The 6th edition of the encyclopedia, and all previous editions, are in the public domain in Germany, the United States, and all countries where the copyright term of anonymous or pseudonymous works is 100 years or fewer since publication.

===World Wars and destruction===
The 7th and 8th editions were both briefly named Meyers Lexikon. The 7th edition counted only 12 volumes, due to the economic depression of the 1920s. It appeared in 1924–30. It came with a condensed single-volume version known as the Blitz-Lexikon.

The 8th edition (1936–42) remained incomplete due to wartime circumstances: out of 12 planned volumes only volumes number 1 through 9 plus the atlas volume number 12 could be issued.
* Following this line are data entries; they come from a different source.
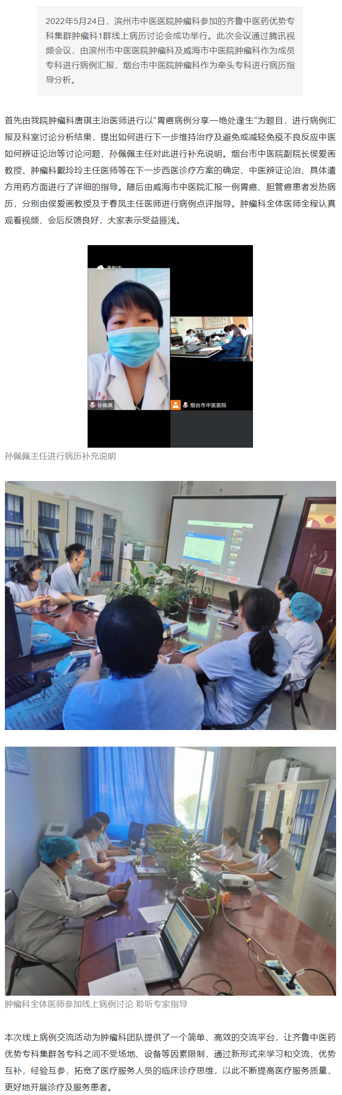 学术交流 | 强强携手 线上交流 齐鲁中医药优势专科集群肿瘤科1群线上病例讨论会成功举行
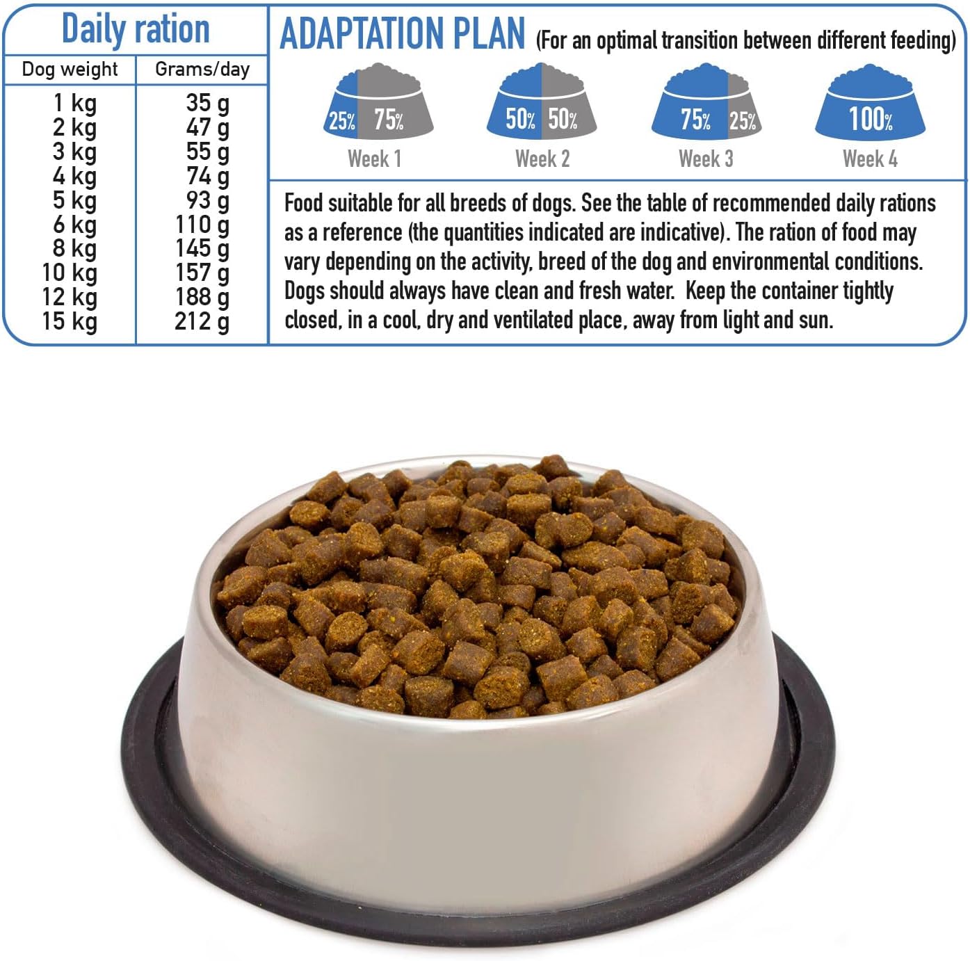 Geeignetes Futter für alle Hunderassen. Die empfohlene Tagesmenge ist in der Tabelle angegeben (die angegebenen Mengen sind Richtwerte). Die Futtermenge kann je nach Aktivitätsniveau, Rasse und Umweltbedingungen des Hundes variieren. Hunde sollten immer Zugang zu sauberem, frischem Wasser haben. Behälter gut verschlossen an einem kühlen, trockenen und belüfteten Ort aufbewahren. Vor Licht und Sonnenlicht schützen. Die Haltbarkeit beträgt 15 Monate. Chargennummer: siehe Verpackungsunterseite. Mindestens haltbar bis: siehe Verpackungsunterseite. Hergestellt in der Europäischen Union für Arquivet, S.L.U. Herstellernummer: siehe Verpackungsunterseite.
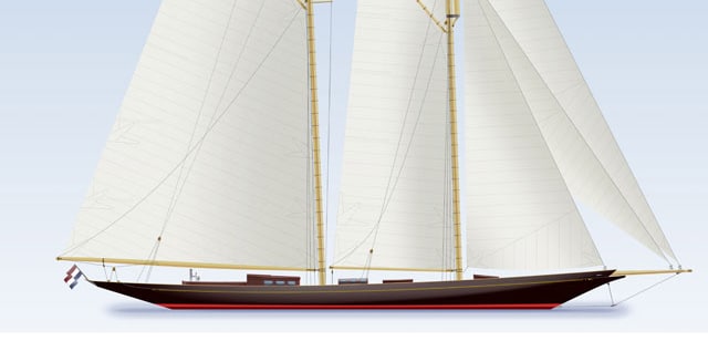 That search is now over: Turquoise Yachts (Istanbul) has purchased it and had major changes made. Dykstra Naval Architects turned the schooner into a sloop-rigged yacht, going from a two-masted to a one-masted vessel.
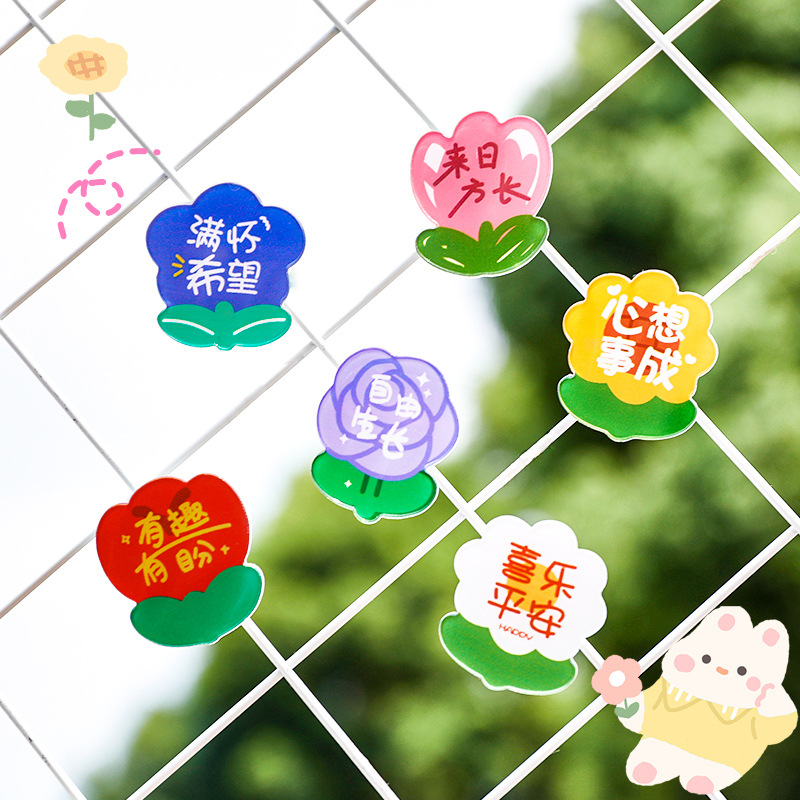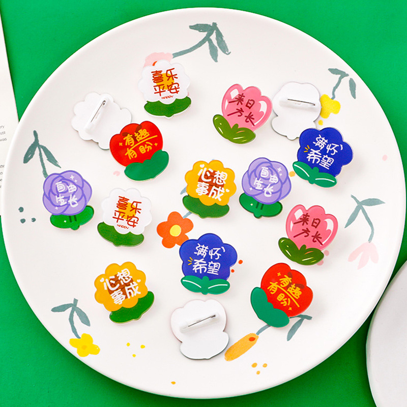 | nameOriginal | Cartoon special-shaped flower brooch children's inspirational text accessories pin primary school student prize gift acrylic badge |
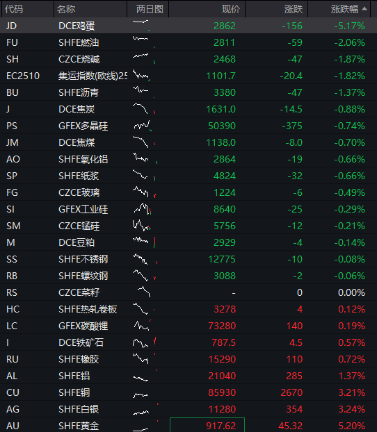 商品:国内商品期货多数下跌,截至发稿,鸡蛋跌超5%,燃油跌超2%,烧碱、集运指数、沥青跌超1%,焦炭、多晶硅、焦煤、氧化铝、纸浆、玻璃、工业硅、锰硅、豆粕等纷纷下跌,沪金、沪银逆势大涨,其中沪金涨超5%。
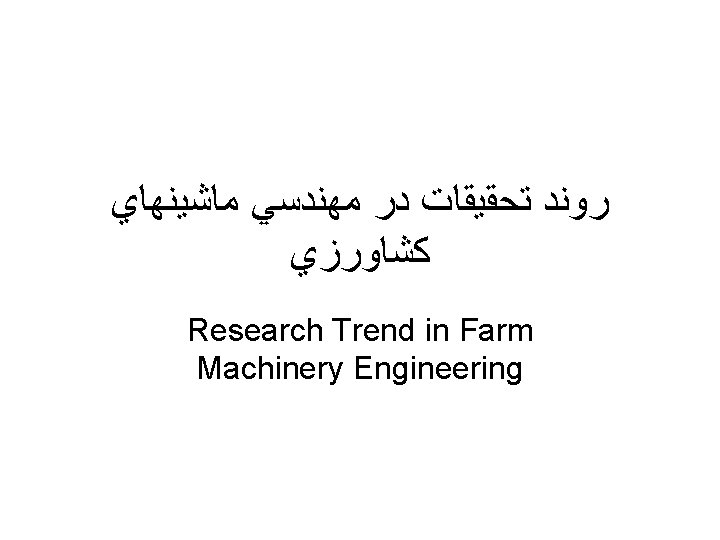 Outlook for agricultural engineering in Developing countries • shift the historical emphasis from 'on-farm mechanization' to the development and application of new innovations using onfarm agricultural automation AND off-farm industries
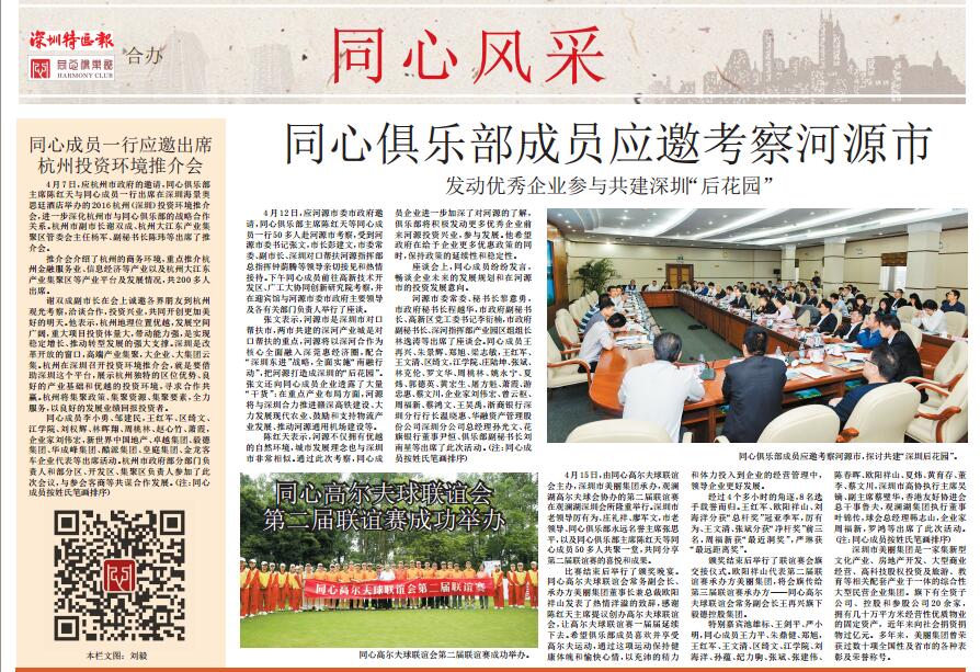 4月12日,应河源市委市政府邀请,同心俱乐部主席陈红天等同心成 员一行50多人赴河源市考察,受到河源市委书记张文,市长彭建文,市委常 委、副市长、深圳对口帮扶河源指挥部 总指挥钟荫腾等领导亲切接见和热情接待。下午同心成员前往高新技术开 发区、广工大协同创新研究院考察,并 在迎宾馆与河源市委市政府主要领导 及各有关部门负责人举行了座谈。 张文表示,河源市是深圳市对口 帮扶市,两市共建的深河产业城是对口帮扶的重点,河源将以深河合作为 核心全面融入深莞惠经济圈,配合 “深圳东进”战略,全面实施“南融行 动”,把河源打造成深圳的“后花园”。 张文还向同心成员企业透露了大量 “干货”:在重点产业布局方面,河源 将与深圳合力推进赣深高铁建设、大 力发展现代农业、鼓励和支持物流产 业发展、推动河源通用机场建设等。 陈红天表示,河源不仅拥有优越 的自然环境,城市发展理念也与深圳 市非常相似。通过此次考察,同心成
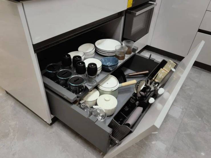这里可以说是2个细节,岛台默默地为家庭增加收纳空间;
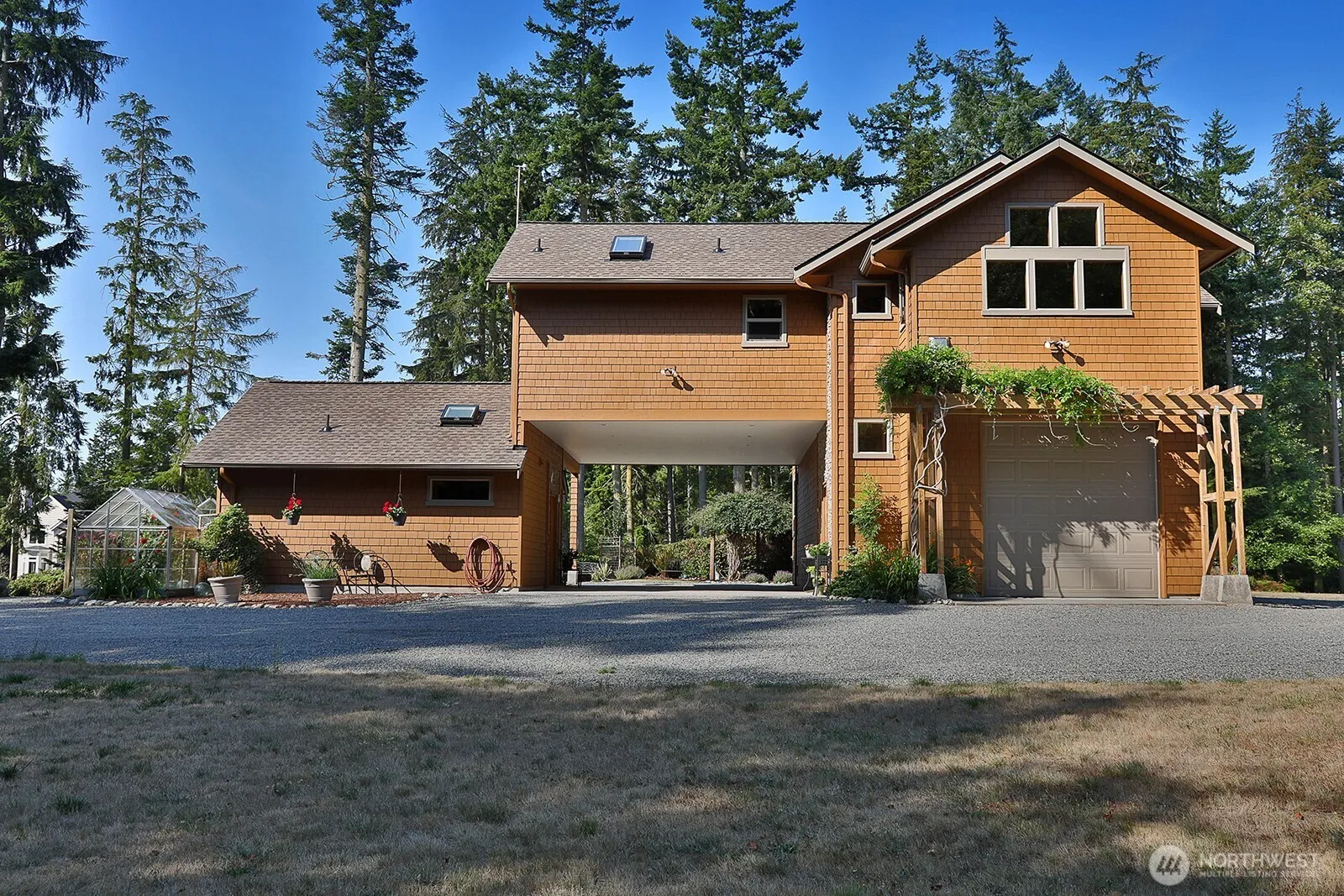 Discover a serene Whidbey Island retreat just moments from Greenbank Farm, off-leash trails, shops and the beloved Greenbank Pantry. This custom-built home sits on 5 private acres with meandering trails, mature landscaping and a sense of tranquility. The expansive garage offers pass-through doors & soaring ceilings, perfect for RVs/boats, storage or hobby projects. Inside, enjoy timeless craftsmanship with warm vertical grain fir trim, vaulted ceilings, a sunroom filled with natural light and a deck ideal for morning coffee or sunset wine. A covered breezeway connects to a private casita with en-suite bath and plumbed for kitchenette. Centrally located between South Whidbey and Coupeville, this property offers both privacy and convenience.
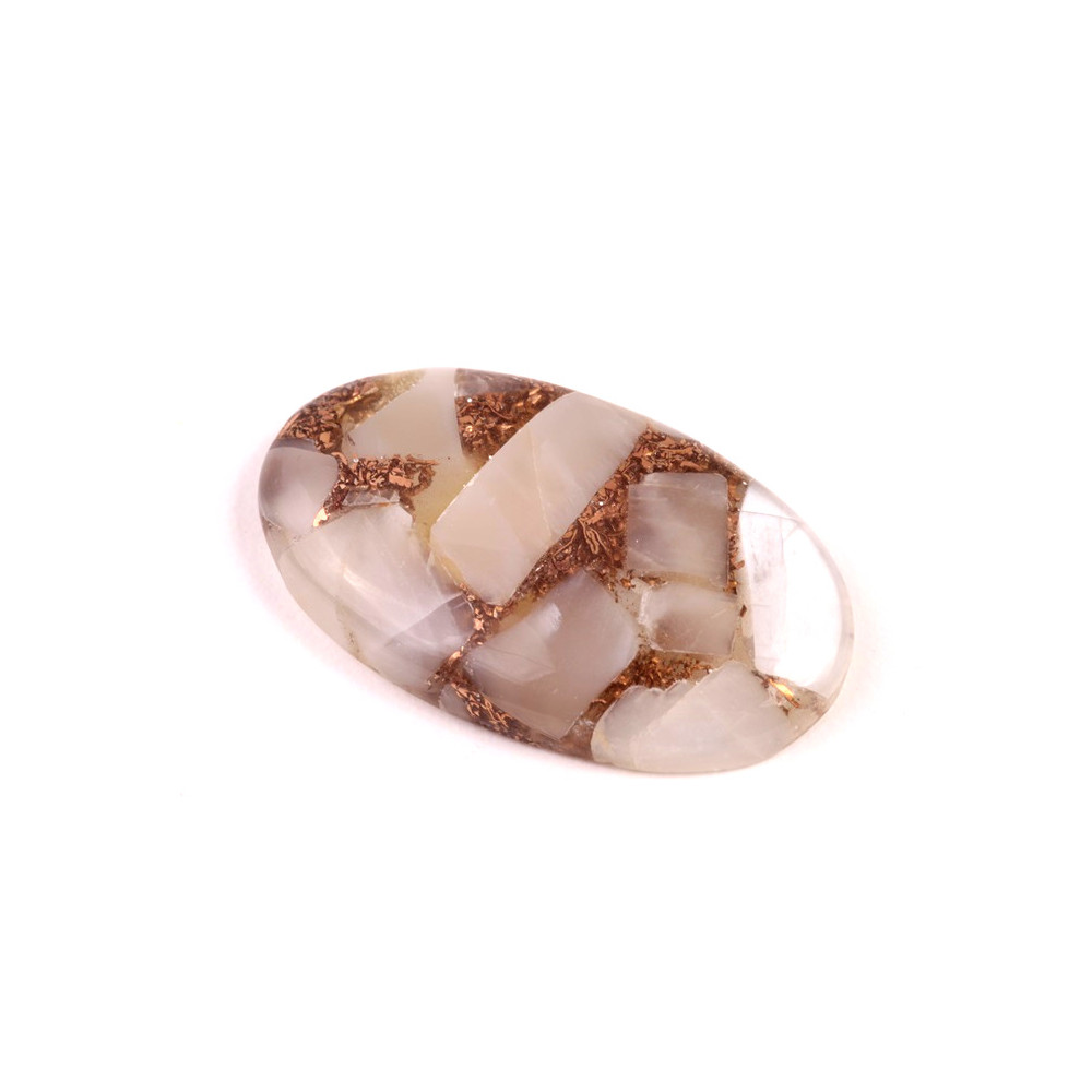 Kabošon Rekonstruovaný Moonstone (Měsíční kámen, měď, pryskyřice)
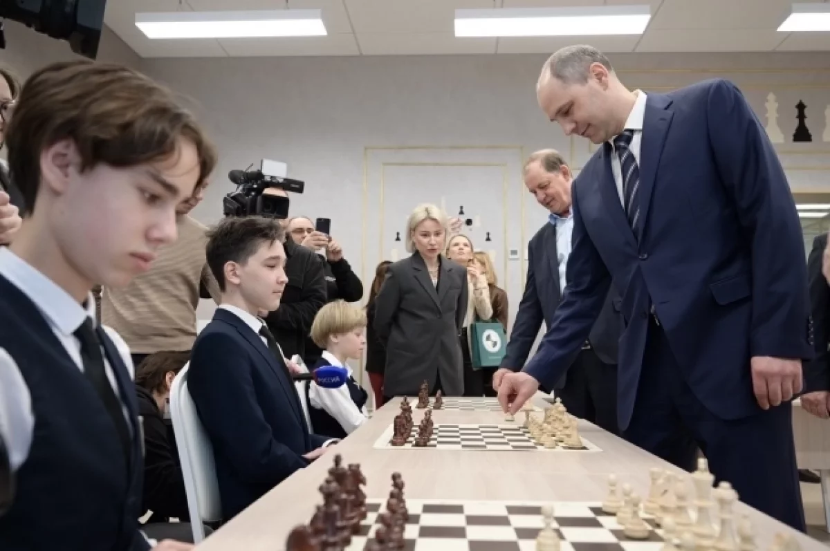 После торжественной части в новом классе был проведен сеанс одновременной игры с гроссмейстером Дмитрием Кокаревым. Символический первый ход в игре сделал Денис Паслер.

Due to its brown binding in addition to the fact that it was filtered through the Nazi censorship it has come to be known as Der Braune Meyer ("The Brown Meyer"), as brown became the colour associated with the Nazis.

The buildings of the company were completely destroyed by the bombing raids on Leipzig in 1943–44 and the company itself expropriated in 1946 without compensation. In 1953 the place of business was moved to Mannheim in West Germany (Bibliographisches Institut AG); a "VEB Bibliographisches Institut" remained in Leipzig.

===9th edition and Neues Lexikon===
The 9th edition, now from Mannheim, entitled Meyers Enzyklopädisches Lexikon in 25 Bänden (in 25 volumes), appeared in 1971–79. Just like the first, this final Mannheim edition was the most comprehensive German encyclopaedia of the century.

From Leipzig (then in East Germany) came Meyers Neues Lexikon (1961–64, 8 volumes; 2nd edition 1971–78, 18 volumes), embedded in the Marxist ideology.

==Merger with Brockhaus==
In 1984, the Bibliographisches Institut Mannheim amalgamated with its biggest competitor in field of reference books F.A. Brockhaus of Wiesbaden, in a so-called "Elefantenhochzeit" (wedding of elephants). Being aware that the new firm's program did not provide room for two similar works of this magnitude, it was decided that the big serial reference works coming from Mannheim would henceforth be marketed under the name of Brockhaus.